┌─ EXCERPTED RECORDS

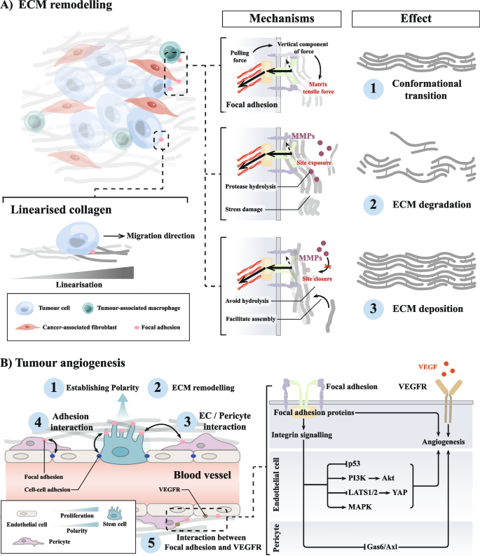 );循环肿瘤细胞通过黏着斑信号抵抗失巢凋亡,如ZNF304通过转录整合素β1促进黏着斑组装,抑制凋亡;在外渗与定植阶段,循环肿瘤细胞通过黏着斑与内皮细胞ECM黏附,诱导内皮屏障破坏,实现远处器官定植。此外,黏着斑还通过正反馈环路促进肿瘤基质重塑,进一步增强转移潜能(
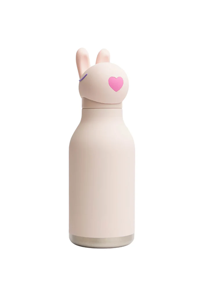 Gourde isotherme Lapin en acier inoxydable avec une tête de lapin amovible en silicone.
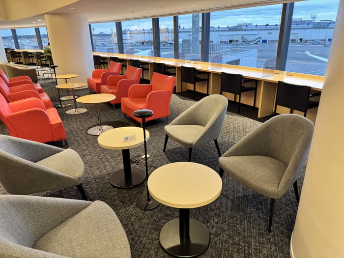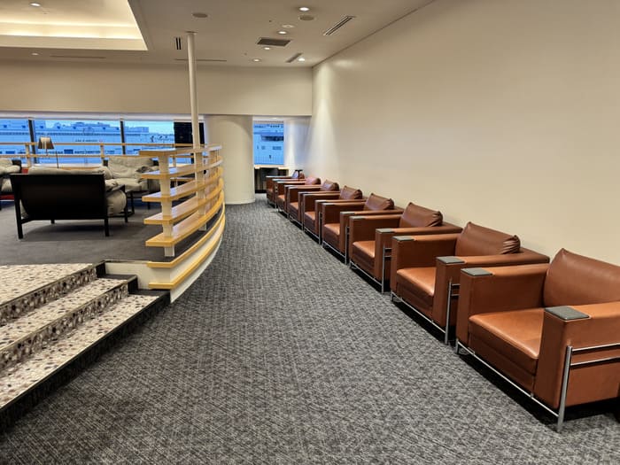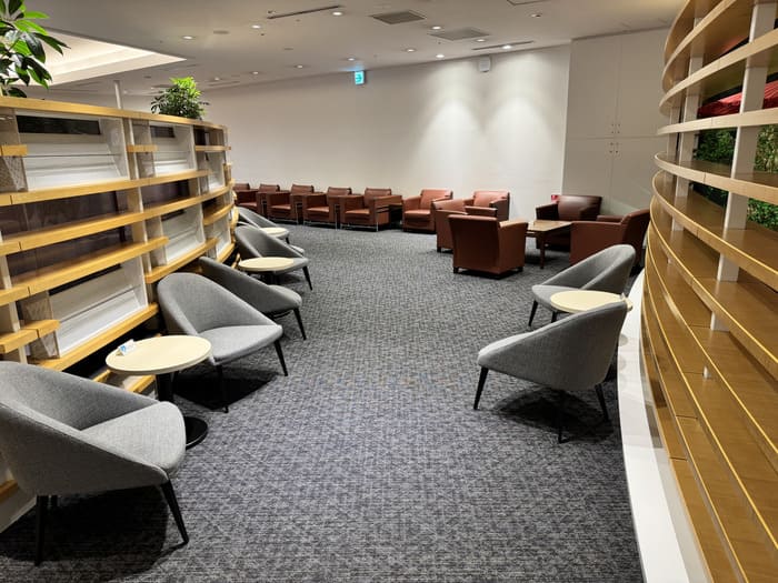 ラウンジ全体は落ち着いたトーンでまとめられており、ビジネス利用にも観光前のひと休みにも適しています。静かで落ち着いた空間なので、読書やPC作業、軽い食事などをしながらフライトまでの時間を快適に過ごせます。
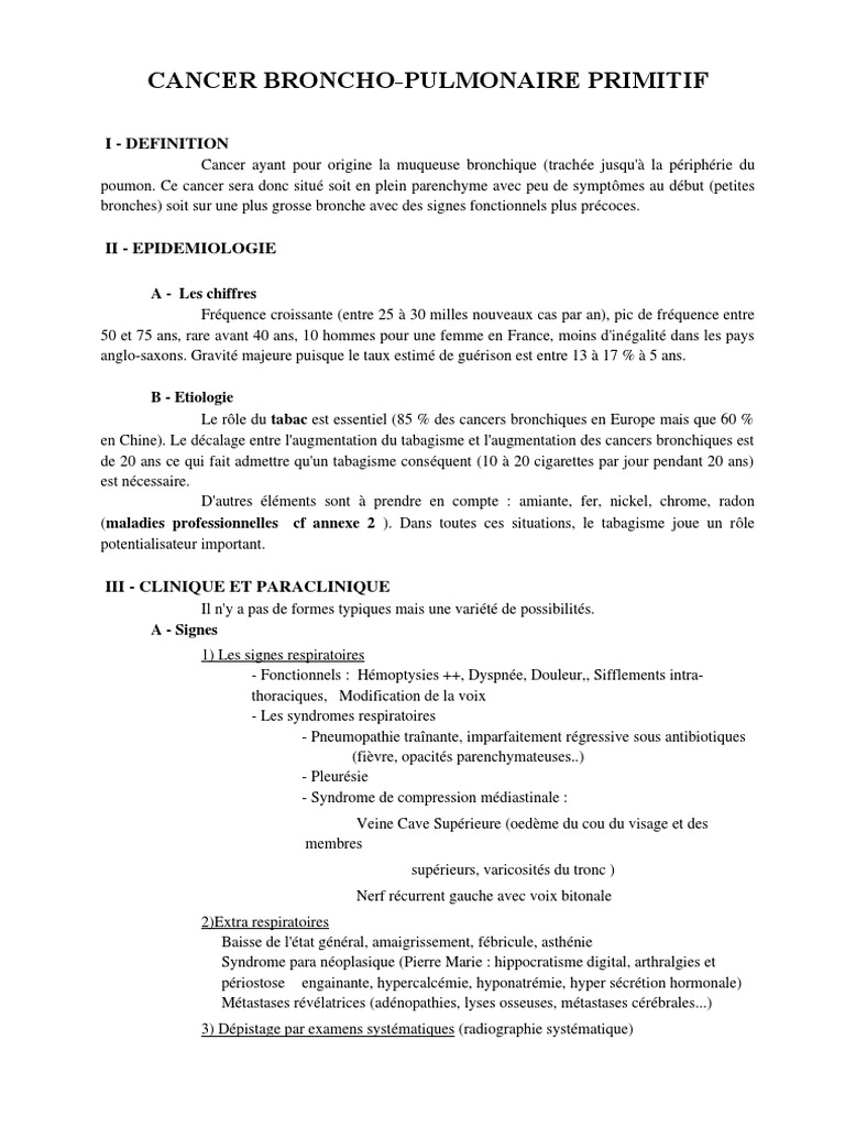 Plus le diagnostic de cancer du poumon est posé tôt, meilleure sera la prise en charge de la maladie et plus grandes seront les chances de survie du patient C’est pourquoi il est important de consulter un médecin dès l’apparition des premiers symptômes. Cours de cancer broncho pulmonaire epidémiologie cancer du poumon symptomescancer broncho pulmonaire primitifcancer broncho pulmonairecancer bronchique non. Le dépistage du cancer bronchopulmonaire a été proposé à tout sujet adr essé aux consultations de pathologie professionnelle de Caen, Cherbourg, Rouen et Le Havre jusqu’au 31 décembre 06.
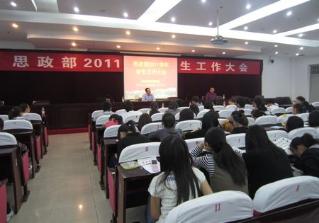 为统一思想,强化思政部学生的主人翁意识,9月22日晚,思政部在学术报告厅召开2011学年学生工作大会。思政部党总支书记杜才平出席并讲话,副主任林伟主持会议,辅导员、班主任及全体学生参加会议。
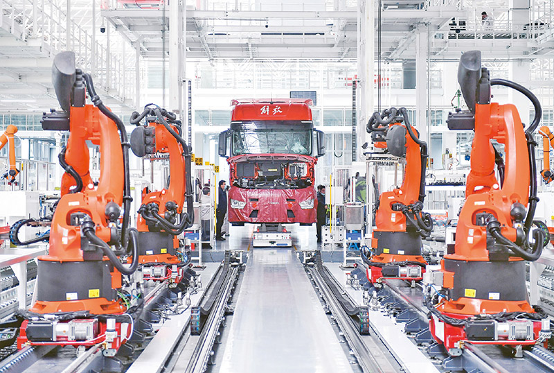 智能制造是先进制造技术和新一代信息技术的深度融合,是我国制造业高质量发展的主要方向。图为2023年1月31日,工人在位于吉林长春的一汽解放J7智能工厂内进行整车装配作业。 新华社记者 许畅/摄
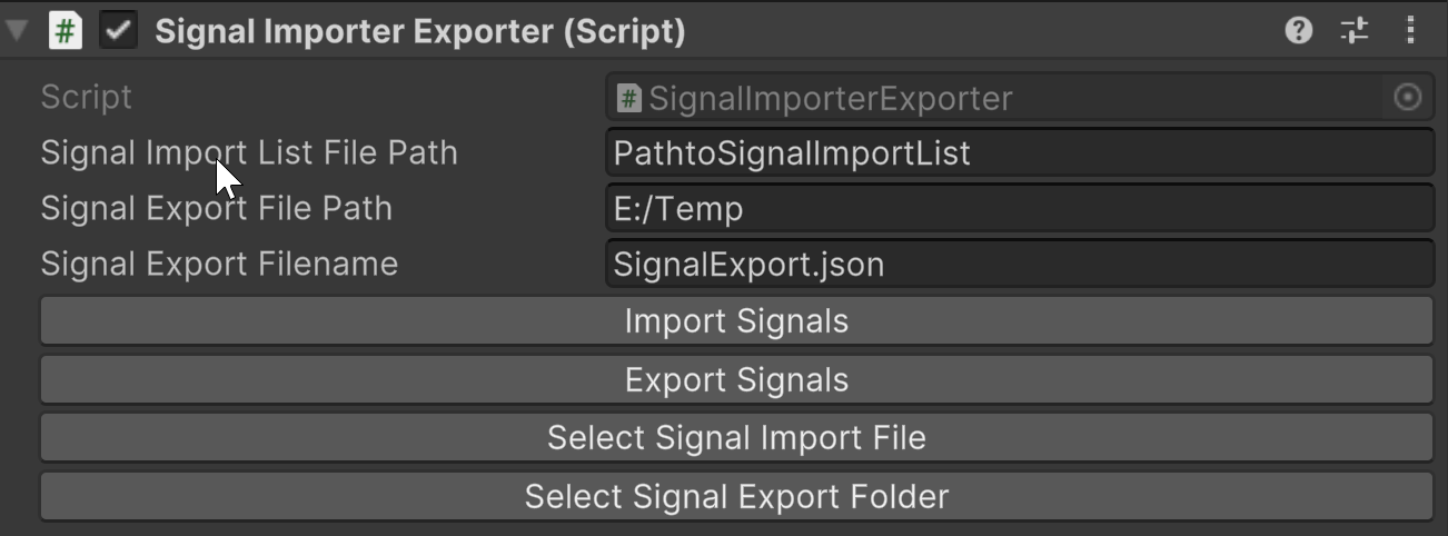 The Signal Importer Exporter can be attached to any GameObject that represents an interface in realvirtual.io. It automatically detects and imports/exports all signals located underneath that GameObject in the hierarchy.
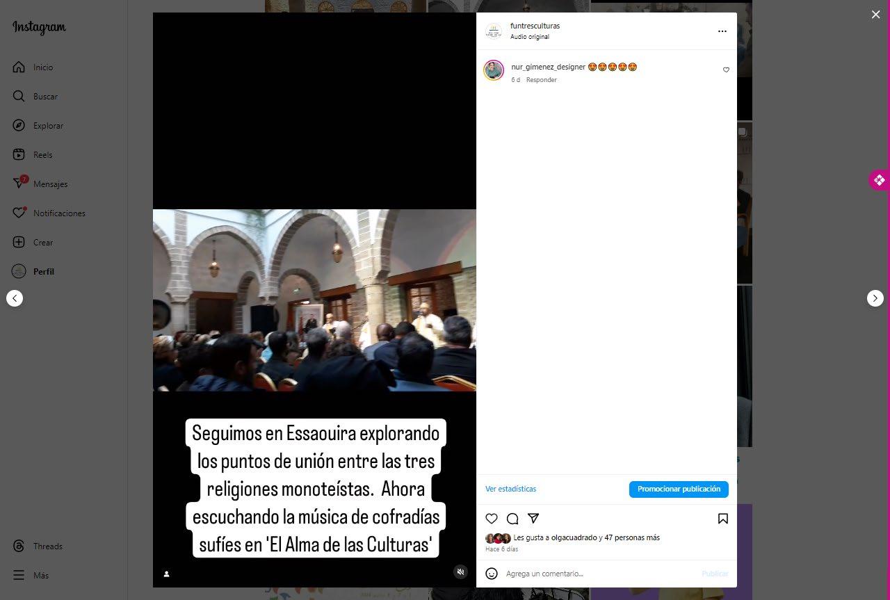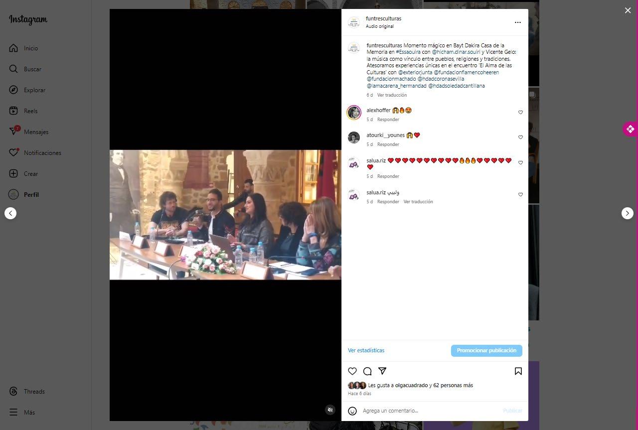 InternacionalElAlmadelasCulturasque,juntoaestassesionesdereflexiónydebate,incluye conciertospropuestasculturalesyencuentrospropiosdelastresreligionescomounaveladasufíuna ceremoniajudíaenlaSinagogadeEssaouirayunamisacantadaenlaIglesiadeNotreDamedeesta mismaciudaddondesecontaráconelgrupoHerenciadelaFundaciónCristinaHeeren
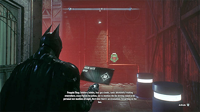 Contact Nightwing, who gives you directions towards the van parked near the Salvation Bridge. Use the disruptor to plant the tracking device and, after it starts escaping, follow it. Penguin's men go to sewage treatment plant in Chinatown on Bleake Island. Approach the locked gate of the plant and contact Alfred, who suggests an alternative access route through the sewers. Call the batmobile and follow the markings on the ground. This way, you will get to the entrance to the sewers, not too far away Southwards from Penguin's hideout.
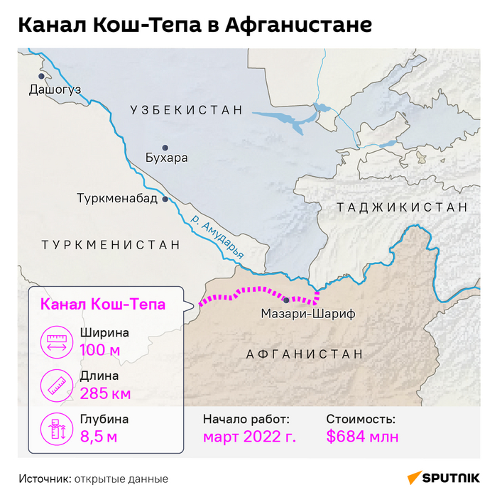 Канал берёт начало из Амударьи в уезде Калдар провинции Балх.
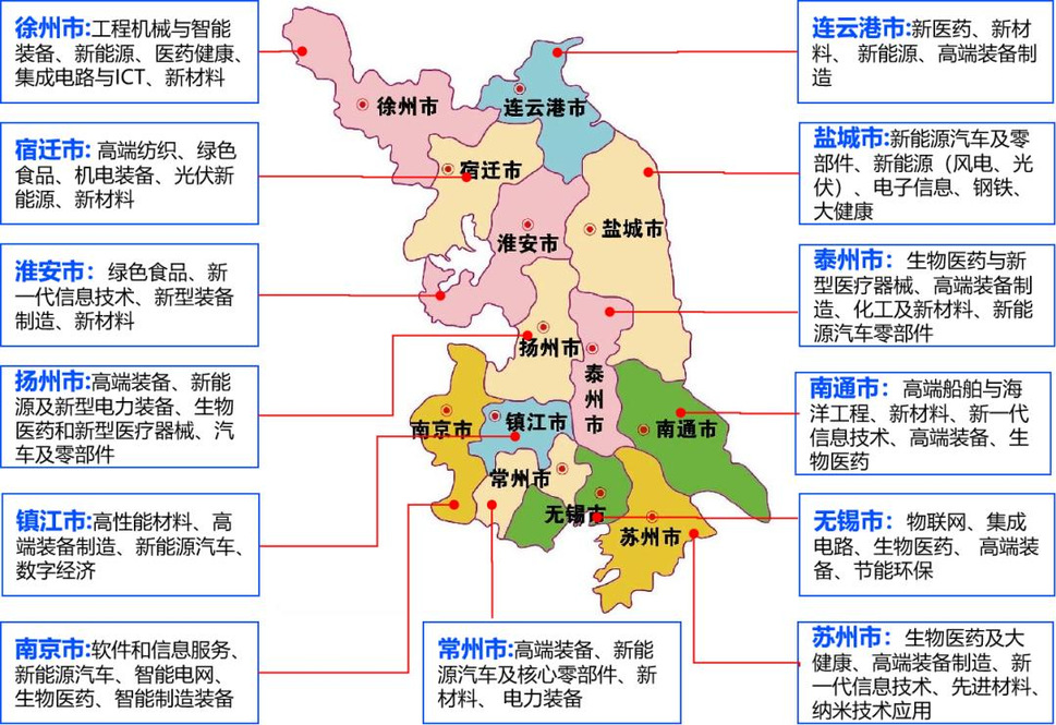苏南地区(南京、苏州、无锡等)以创新驱动为核心,聚焦生物医药、新一代信息技术等前沿产业,增强国际竞争力;
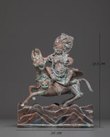 Handcrafted with remarkable precision, this 6.47kg statue captures the fierce presence of Palden Lhamo as she rides her mule across the sea of blood, a powerful symbol of her victory over demonic forces. Made from copper with an antique finish, the sculpture showcases her wrathful expression, intricate ornaments, and sacred implements that embody unstoppable strength, profound wisdom, and unwavering dedication to protecting the Dharma. This exquisite piece of Himalayan artistry not only enhances any space with its striking presence but also serves as a powerful spiritual guardian, inspiring resilience and courage on your journey.

└─

YOUR INSTRUCTIONS →
Copy everything above from the line holding "Канал берёт начало" down to the line holding "苏南地区(南京、苏州、无锡等", both ends included, exactly as it stands and without the pictures.

ANSWER FOR THE TASK →
 Канал берёт начало из Амударьи в уезде Калдар провинции Балх.
苏南地区(南京、苏州、无锡等)以创新驱动为核心,聚焦生物医药、新一代信息技术等前沿产业,增强国际竞争力;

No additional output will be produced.